• Dataset section:
• • • • • • •
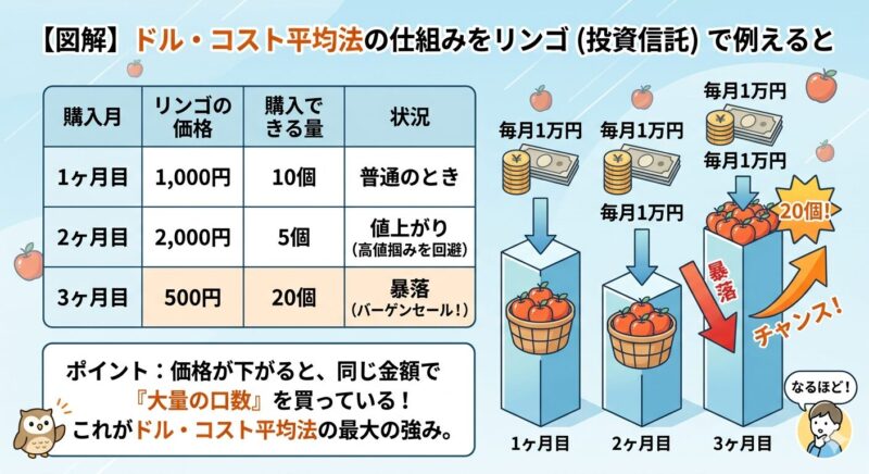 【図解】リンゴ(投資信託)を毎月1万円買う場合
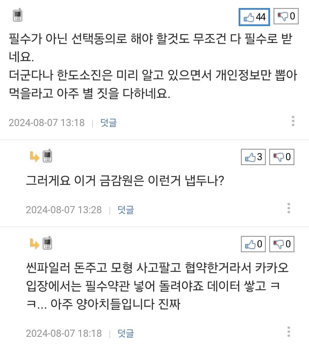 선택동의로 해야될것도 전부 필수동의로 하고 개인정보 쏙 빼먹고 짬때림
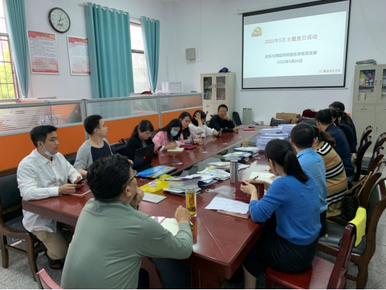 2022年5月26日下午,音乐学系在音乐楼201组织开展5月份教职工政治学习,学习活动由音乐学系支部书记周晋主持。
• • • • • • •
• Required work: Set down again, exactly, the lines from the one with "선택동의로 해야될것도 전부 필수동의로 하고 개인정보 쏙 빼먹고 짬때림" to the last line of the data, both included and pictures excluded.

• Your solution:
 선택동의로 해야될것도 전부 필수동의로 하고 개인정보 쏙 빼먹고 짬때림
 2022年5月26日下午,音乐学系在音乐楼201组织开展5月份教职工政治学习,学习活动由音乐学系支部书记周晋主持。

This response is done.